# Question about an Indian Seneca recurve



## Semi-Pro (Apr 8, 2012)

45-50lb recurve bow. the bottom limb is twisted a little at the end. Is there anything i can do to fix this? will it affect the use of the bow? and how much is this thing worth? Thanks.


----------



## Ellbow (Apr 8, 2012)

Hey Semi,
Here are a few pics of mine I picked up from a family friend. One limb is a little twisted as well. Mine is about a 1964, about 40 to 45lb. I never fixed mine and it shoots fine but I don't shoot it much. I found out it is worth anywhere from $100 to $200....depending on condition and such. Maybe someone else might know more.
El


----------



## longbowdave1 (Apr 8, 2012)

Semi-pro read throiugh this old thread, hope it helps you.
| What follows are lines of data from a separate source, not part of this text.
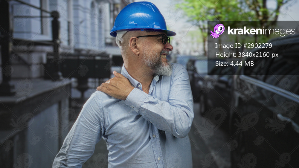 Man wearing blue hardhat touching his shoulder on a city street among parked cars and building facades; seasoned experience confidence.
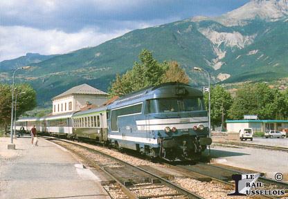 Tracté par la BB 67568, le « Val de Durance », Briançon – Marseille-St-Charles, marque l’arrêt en gare de Montdauphin-Guillestre (05).
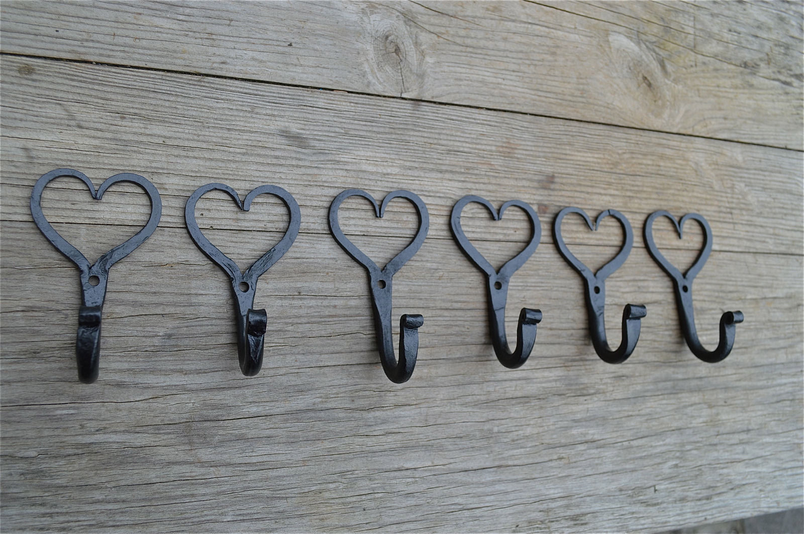 Title (ebay affiliate link): 6 hand wrought iron Shaker heart hooks folk art wall hanger door hook LHH1
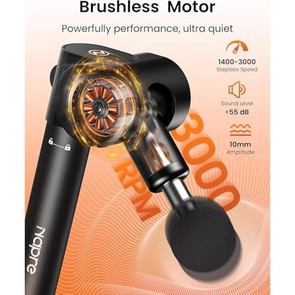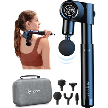 Explore the advanced features of the Napre Foldable Massage Gun, including its quiet brushless motor, 10mm amplitude, and 0.9-inch LED screen. The 2500mAh battery supports over 3 hours of continuous use and features 15W PD fast charging for a full recharge in just 2.5 hours. Complete with 5 specialized massage heads and a premium carrying case, it's the ultimate all-in-one portable kit for athletes, travelers, and anyone seeking professional-grade relief anytime, anywhere.
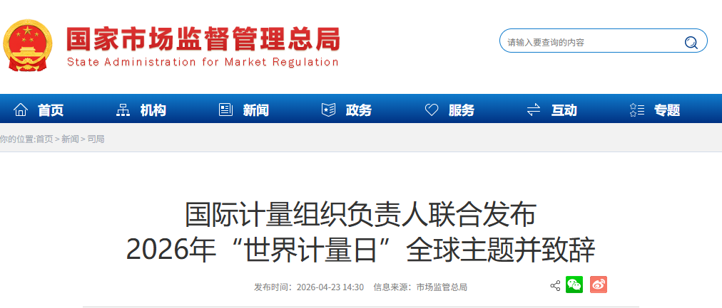 市场监管总局将于5月20日在河南省郑州市举办2026年“世界计量日”主题活动。
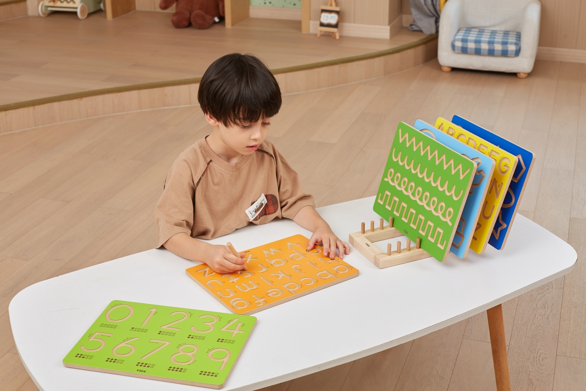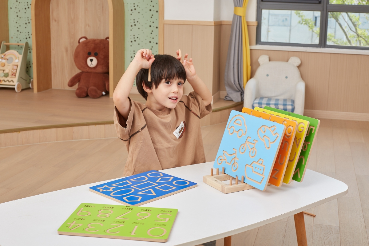 Dřevěná tabulka s vyznačenými rysy. Děti se mohou učit uvolňování rukou pomocí vyznačených rysů. Součástí balení je dřevěná tužka-ukazovátko. Rozměry ..
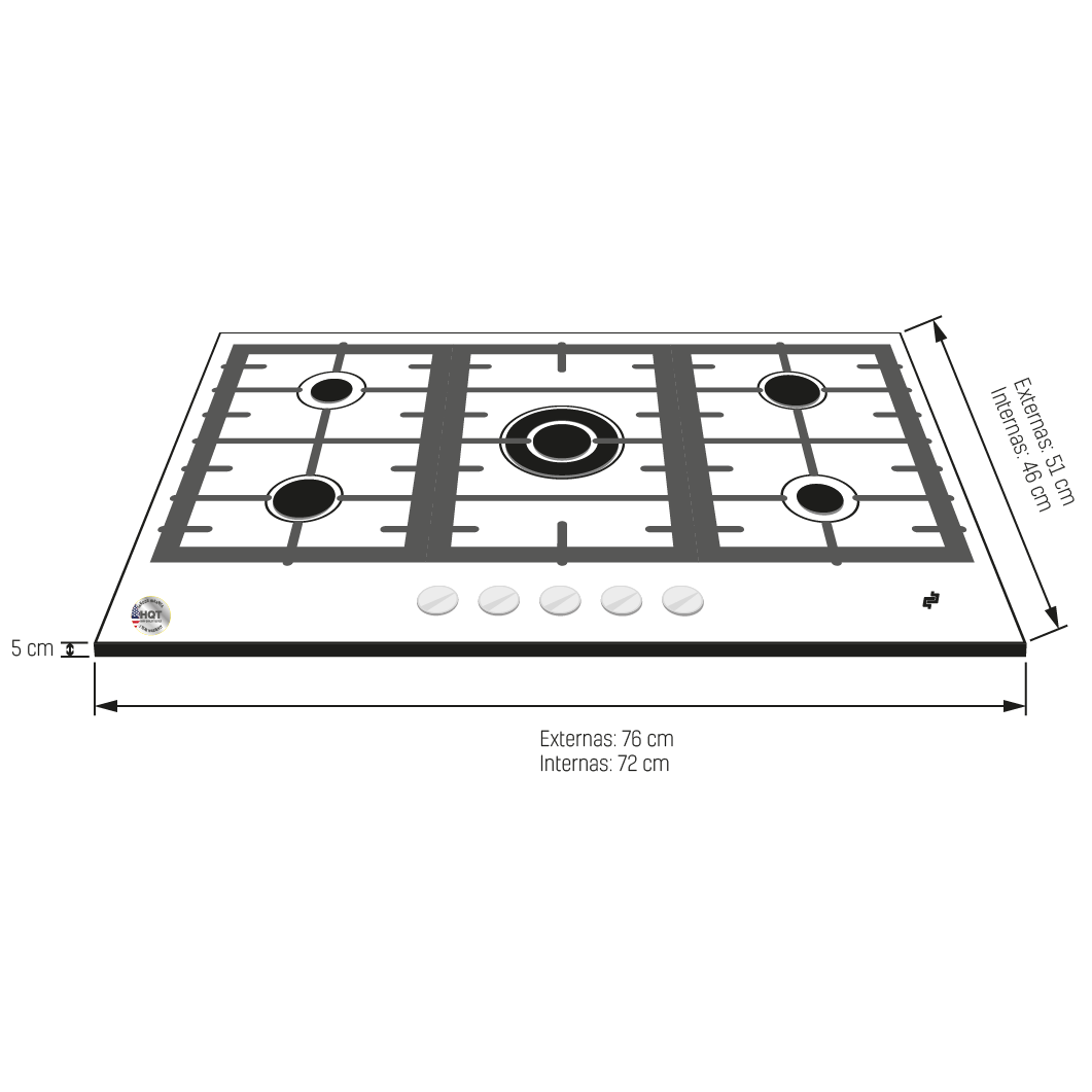 - Hornillas: 1 Jumbo, 1 Grande, 2 Medianas, 1 Pequeña
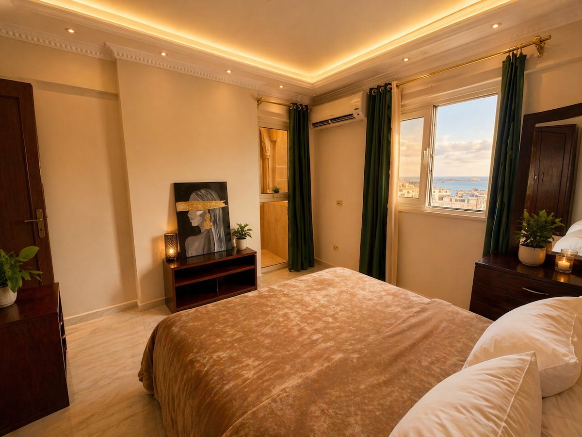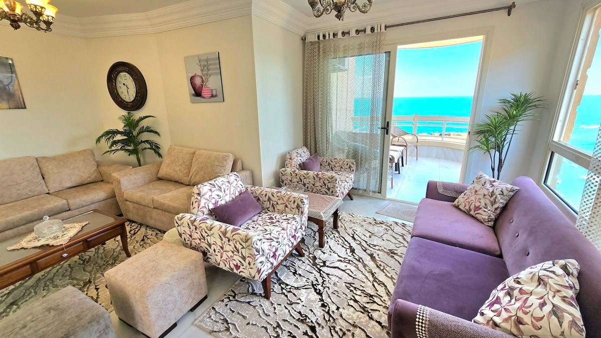 Your Luxurious 14th-Floor Mediterranean 🏖️!Getaway in Alexandria Imagine waking up to panoramic sea views from every corner of your apartment – even !from your bed Designed to maximize your sea experience, this spacious apartment is perfect for .families A room with three 120 cm beds.The other room has a 120 cm bed and a 170 cm beds "Dining, reception, living areas offer breathtaking sea views (West, North, East), perfect for enjoying cool breezes, ideal for soaking in warm sun."

http://forum.gon.com/showthread.php?t=524034&highlight=twisted+limb


----------



## Semi-Pro (Apr 9, 2012)

Thanks, very helpfull.


----------



## Fishin & Hunting (Apr 9, 2012)

I have straightened out three recurves with a twisted limb.  Two of them stayed after the correction.  One went back to the twist after shooting it a few times.

I would heat them in a hot water shower, and then twist the opposite way of the twist.  And then let cool.  Things I learn on this forum.


----------



## Fishin & Hunting (Apr 10, 2012)

Here is the link that the thread that showed me how to do it.


http://forum.gon.com/showthread.php?t=136497


----------



## RogerB (Apr 11, 2012)

As long as there is not enough twist that the bow destrings itself when shot, alittle twist is not a problem.


----------